The Perceptual Process

When understanding consumer behavior models and theories, one of the internal factors reviewed is the consumer’s perceptual process. This process outlines the steps of how consumers gain knowledge and information. Different marketing textbooks will have slightly different variations of the perceptual process model, as shown below.

Model of the Perceptual Process

Model showing the relationship between the consumer’s perceptual process and a perceptual map

Click on the model to enlarge it

As you can see from the model, a consumer will move through various stages in terms of developing their understanding of the differing brands and offers in the market.

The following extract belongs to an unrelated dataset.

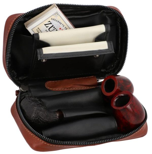 - Platz für max. drei Pfeifen, Tabak, Stopfwerkzeug, Pfeifenreiniger, Streichhölzer usw.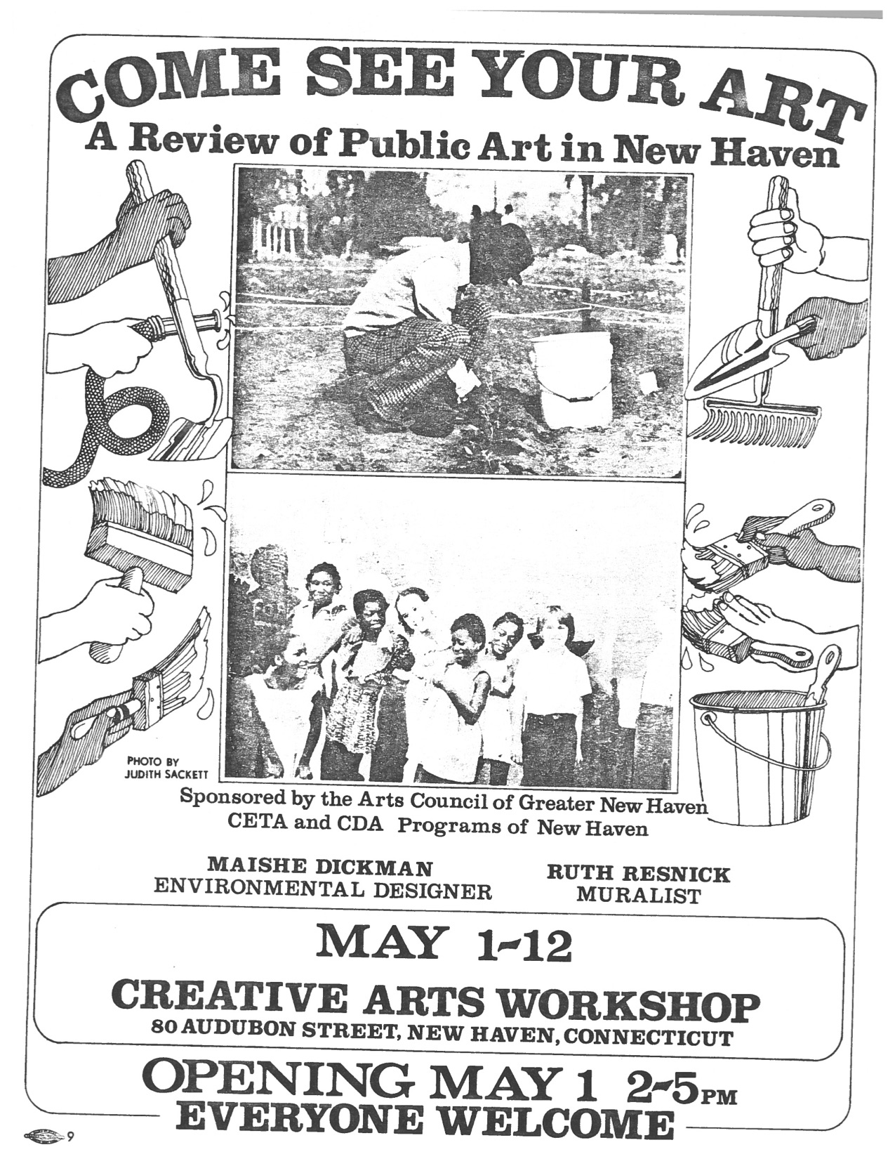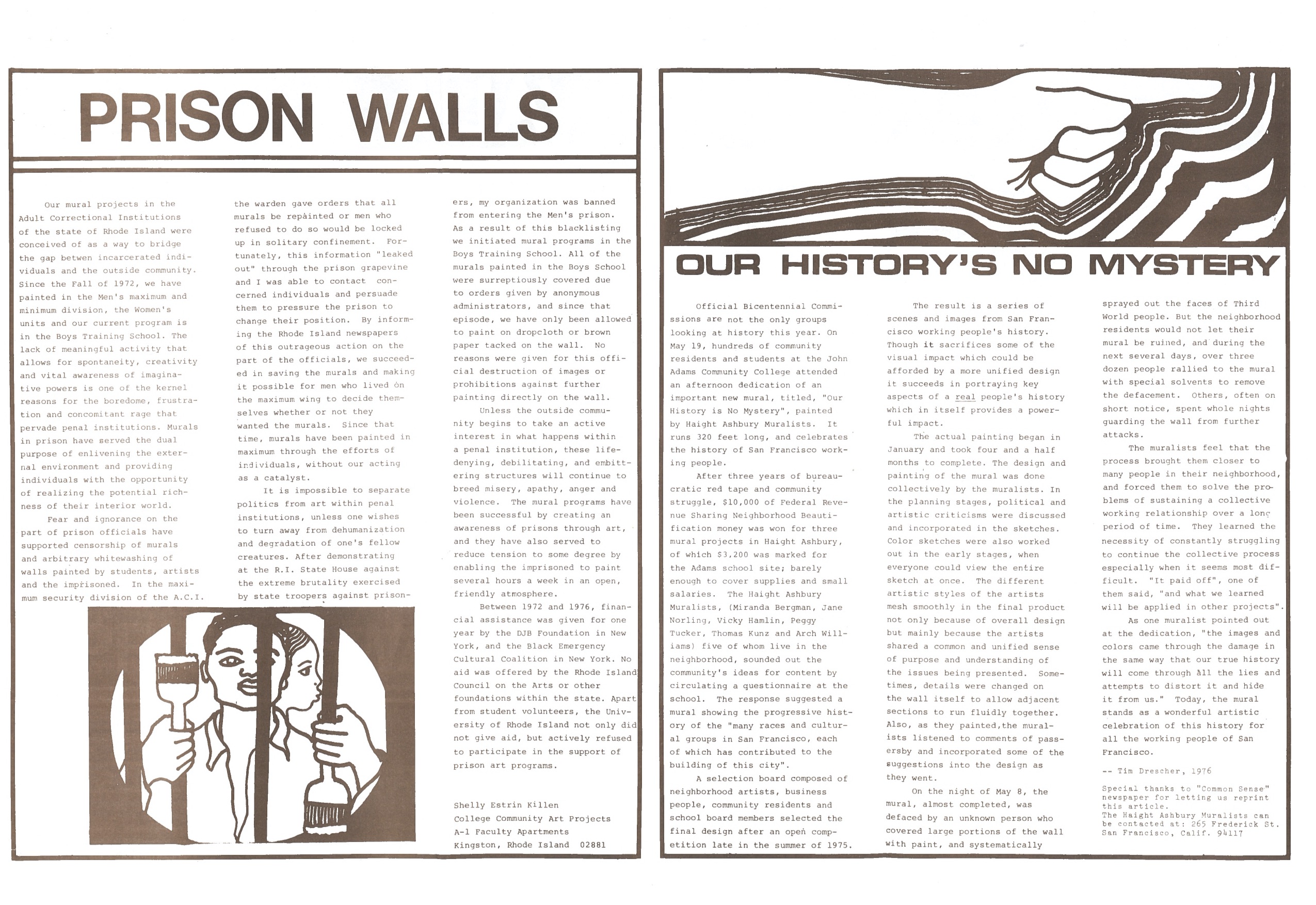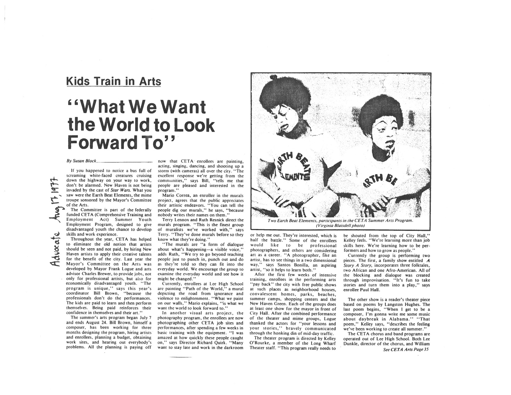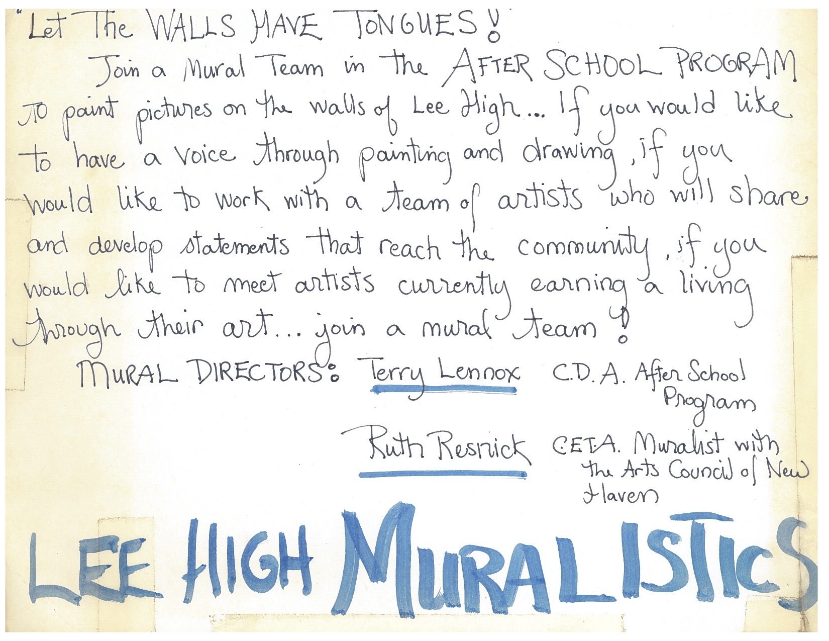 New Haven has a long tradition of arts coverage in city newspapers. The CETA program coincided with a blossoming of local arts coverage in dailies and weeklies such as the New Haven Register and the New Haven Advocate. Before the era of websites, social media, and podcasts, print media was the primary way through which New Haveners learned of the artistic activities of the Elm City. Further, it was also the way New Haven connected with the mural movement across the country and beyond, as seen in the newsletters of the National Murals Network.

Initially the consumer is exposed to brand in some manner. This may be from advertising or some other form of promotion, or it may be from other consumers who are using the brand, or it may be from visiting a store where the brand is sold. If it is from advertising, this is referred to as an impression.

The best way to think about exposure is by using the term “opportunity to see”, which means that an exposure is a chance for the consumer to see the brand or its communication.


Attention occurs when the consumer dedicates some time towards the brand or its communication. This may be as simple as glancing at a billboard advertisement for a split second, or perhaps closely watching a 3 minute cinema commercial, or simply observing other people with the brand.

If it is quite casual, or passive, attention then the process is usually complete without any real change in the consumer’s perception of the brand and its potential benefits.


If the consumer pays close attention, or the brand and/or its communication gains the attention of the consumer on several occasions, then the consumer is likely to process the ‘message’ to some extent.

Despite the general meaning of the word ‘interpretation’, the process in this case tends to be quite simplistic. The consumer will usually process the main benefit or a key feature of a brand, such as:

  • Good for tough stains
  • A flexible bank
  • Good customer service
  • Easy to use
  • And so on.

Unless the consumer has had prior experience with this brand (through personal consumption or via word-of-mouth), the consumer will generally form a weak attitude (opinion) to this extent. It will remain a weak view/opinion until reinforced by usage or further communication.


While the consumer has gained some understanding of a brand at this stage of the overall perceptual process, it needs to be developed into a memory that can be recalled. Consumers in their everyday life are exposed to a lot of information, the vast amount of which they do not remember for a long period of time.

A consumer’s ability to remember information on any subject typically depends upon the extent of repetition (rehearsal) and the effort taken to understand the material. In academic courses, students will try to understand the material, however, consumers primarily learn and remember initially through simple repetition and reinforcement of marketing communications and later through brand usage/consumption.

It is this stage of the perceptual process that is mapped onto perceptual maps. As marketers, we are quite interested to understand how target market consumers perceive (that is, remember and understand = their knowledge) our brands versus our competitors. This is because (usually) we want our brand to have clear points-of-difference (that is, clear differentiation) so that we gain a loyal customer following, loyalty and repeat sales.